Running the Basic Model

We use the package parameter system to load established parameter values:

# Load Keeling & Gilligan parameter values
params <- load_scenario("keeling-gilligan")
print(params)
#> 🦠 Plague Scenario (keeling-gilligan)
#> 📄  Biological parameters from Keeling & Gilligan (2000) metapopulation plague model 
#> 📚 Source:  Keeling, M. J., & Gilligan, C. A. (2000) 
#> 
#> 🐀 Rat Population Parameters:
#>   r_r    =    5.000  # Rat population growth rate (per year)
#>   d_r    =    0.200  # Natural death rate of rats (per year)
#>   p      =    0.975  # Probability of inherited resistance
#> 
#> 🦟 Flea Parameters:
#>   K_f    =    6.570  # Flea carrying capacity per rat
#>   r_f    =   20.000  # Flea reproduction rate (per year)
#>   d_f    =   10.000  # Death rate of free fleas (per year)
#>   a      =    0.004  # Flea search efficiency
#> 
#> 🔬 Disease Parameters:
#>   beta_r =    4.700  # Rat infection rate from fleas (per year)
#>   m_r    =   20.000  # Infected rat mortality rate (per year)
#>   g_r    =    0.020  # Probability rat survives infection
#> 
#> 👤 Human Parameters:
#>   r_h    =    0.045  # Human population growth rate (per year)
#>   d_h    =    0.040  # Natural death rate of humans (per year)
#>   beta_h =    0.010  # Human infection rate from fleas
#>   m_h    =   26.000  # Human recovery rate (per year)
#>   g_h    =    0.100  # Probability human survives infection
#> 
#> ⚙️  Other Parameters:
#>   mu_r   =    0.030  # Rat movement rate (per year)
#>   mu_f   =    0.008  # Flea movement rate (per year)
#>   seasonal_amplitude =    0.200  # 
#> 
#> 📈 Basic Reproduction Number (R₀):  581.657 ✅ (Disease can spread)

# Add initial conditions (not included in scenario files)
params$I_ini <- 10    # Initial infected rats
params$K_r <- 3000    # Rat carrying capacity for deterministic model

# Create model instance with package parameters
model <- basic_plague_model$new(user = params)

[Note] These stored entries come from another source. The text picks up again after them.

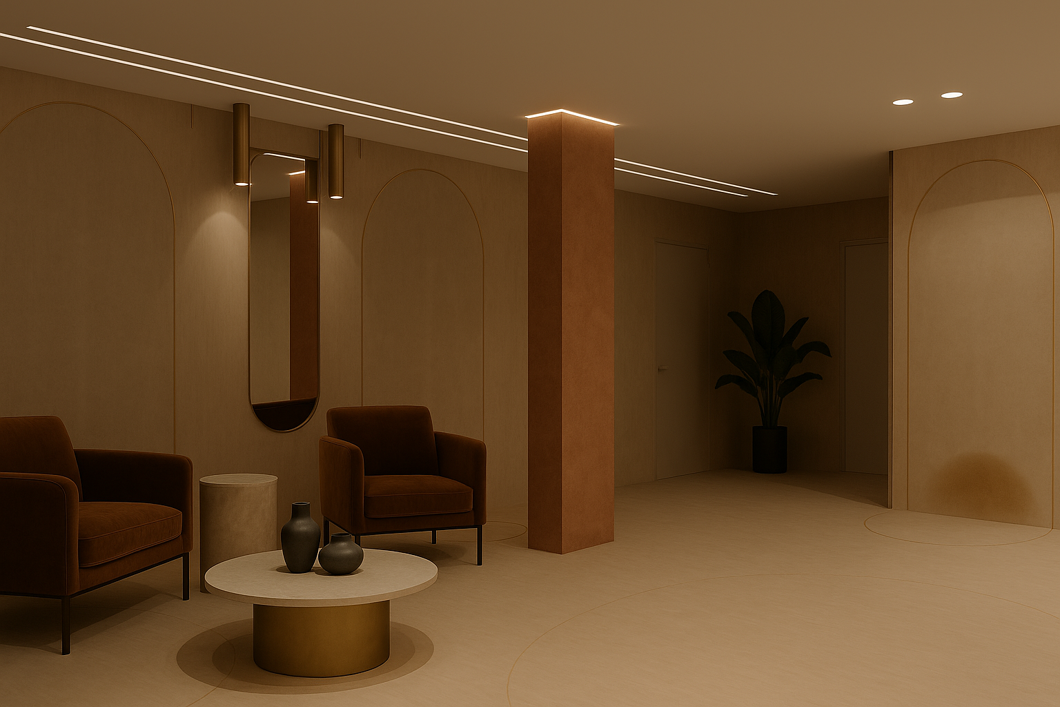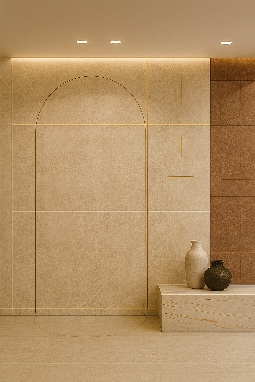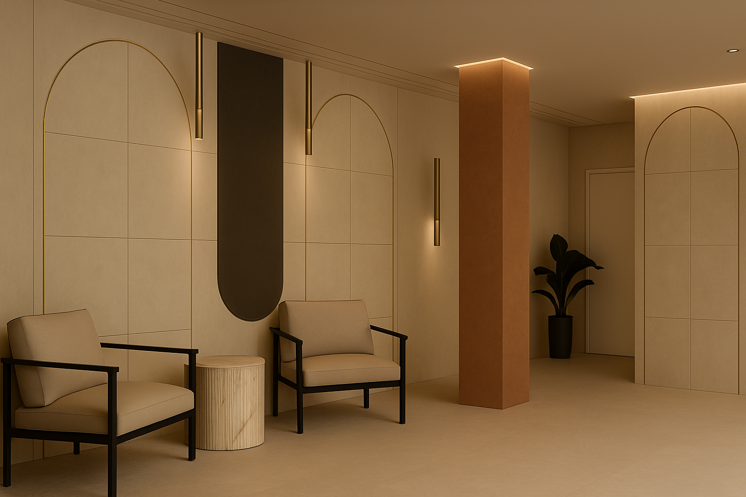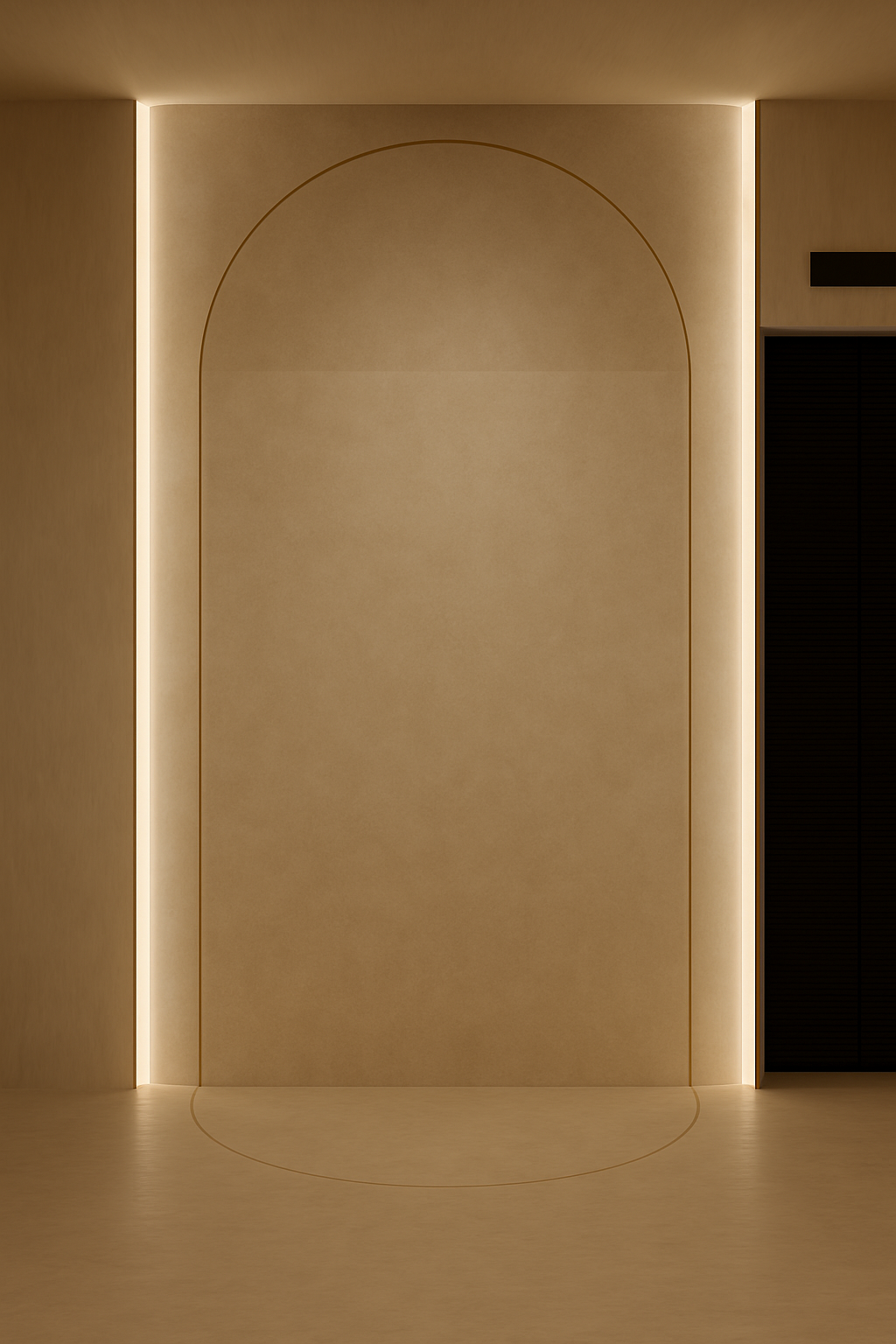 לובי צוקי כנרת בטבריה תוכנן מתוך שפה חומרית אחת, המבוססת על סדרת פורצלן אחידה במספר גדלים: 120×120 לריצוף, ו־60×120, 90×90 ו־60×60 לחיפויי הקירות. העבודה עם גדלים שונים אפשרה התאמה מדויקת לגאומטריית החלל ויצירת צורניות מבוקרת באמצעות כפולות והרכבות חוזרות של האריחים. בתוך המהלך שולב ספסל ישיבה כחלק אינטגרלי ממבנה הלובי, בהשראת ספסלי האבן הקבועים של המרחב הציבורי ההיסטורי — פתרון פונקציונלי המוטמע בחיפוי וממשיך את קו החומר. קשתות צורניות שובצו כחלק בלתי נפרד ממערכת החיפוי, בפרופורציות וגוונים שמאזכרים את קשתות האבן של טבריה ההיסטורית. הצורניות נבנתה מאריחים מודולריים בלבד (60×60) ונמשכת מהרצפה אל הקיר בקו מתוכנן — כך שהעיצוב כולו נוצר מתוך החומר עצמו, ללא צורך באלמנטים דקורטיביים נוספים.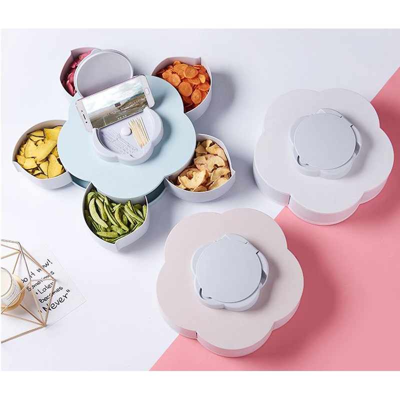 Nhà cửa & Đời sống > Bộ đồ bàn ăn > Dĩa || Khay mứt xoay 5 cánh hình hoa xoay tự động có khe để điện thoạiCòn hàng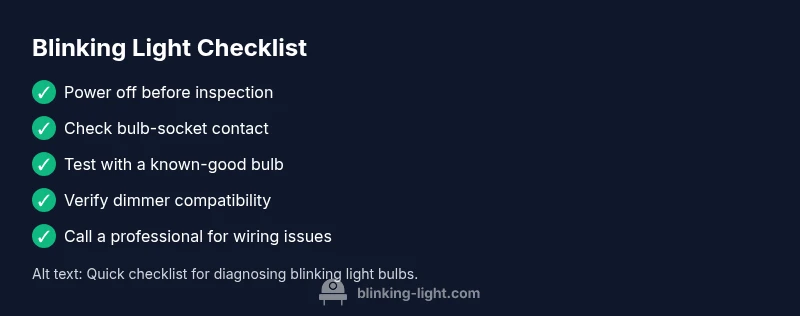 A blinking light bulb is most often caused by a loose bulb or poor connection in the socket. Begin by turning off power, unscrewing the bulb, and reseating it firmly. If the blink continues, replace the bulb with a known-good one and verify the fixture voltage and dimmer compatibility. If it still blinks, check for loose wiring or faulty switches and consult an electrician if needed.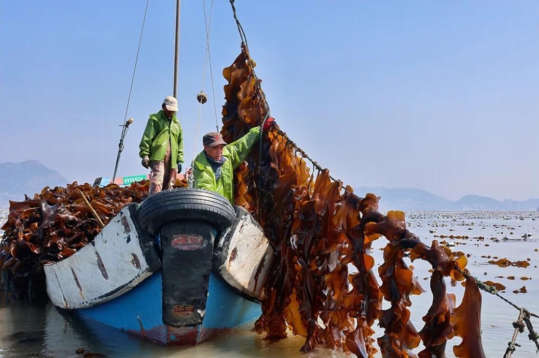 得益于连江自主培育的“黄官1号”高产品种今年海带长势喜人,现在采收的是今年1月种下的海带,亩产2.5万公斤左右,再生长2个月,等5月采收时亩产可达3.5万公斤左右。

# Run simulation over 10 years
times <- seq(0, 10, by = 0.1)
results <- model$run(times)

# Convert to tidy format for analysis
results_tidy <- results |>
  tibble::as_tibble() |>
  pivot_longer(-t, names_to = "compartment", values_to = "value") |>
  rename(time = t)

# Plot key compartments
results_tidy |>
  filter(compartment %in% c("S_r", "I_r", "R_r", "F")) |>
  ggplot(aes(time, value, color = compartment)) +
  geom_line(linewidth = 1) +
  scale_y_log10() +
  labs(
    title = "Basic Deterministic Plague Model",
    subtitle = "Rat-Flea dynamics following Keeling & Gilligan (2000)",
    x = "Time (years)", 
    y = "Population (log scale)",
    color = "Compartment"
  ) +
  theme_minimal()

Model Analysis

Basic Reproduction Number

The basic reproduction number R0R_0 determines whether the disease can establish in the population:

# Calculate R0 using package function
R0 <- calculate_R0(params)
cat("Basic Reproduction Number (R₀):", round(R0, 3), "\n")
#> Basic Reproduction Number (R₀): 698.016

if (R0 > 1) {
  cat("✓ R₀ > 1: Disease can invade the population\n")
} else {
  cat("✗ R₀ < 1: Disease will die out\n")
}
#> ✓ R₀ > 1: Disease can invade the population

# Compare different parameter scenarios
scenarios <- c("keeling-gilligan", "modern-estimates", "historical")
R0_comparison <- data.frame(
  Scenario = scenarios,
  R0 = sapply(scenarios, function(x) calculate_R0(load_scenario(x)))
)
print(R0_comparison)
#>                          Scenario       R0
#> keeling-gilligan keeling-gilligan 581.6568
#> modern-estimates modern-estimates 684.9290
#> historical             historical 596.0916

Phase Portrait Analysis

Phase portraits reveal the system’s dynamical behavior:

# Create phase portrait (S_r vs I_r)
dat <- results_tidy |>
  select(time, compartment, value) |>
  pivot_wider(names_from = compartment, values_from = value)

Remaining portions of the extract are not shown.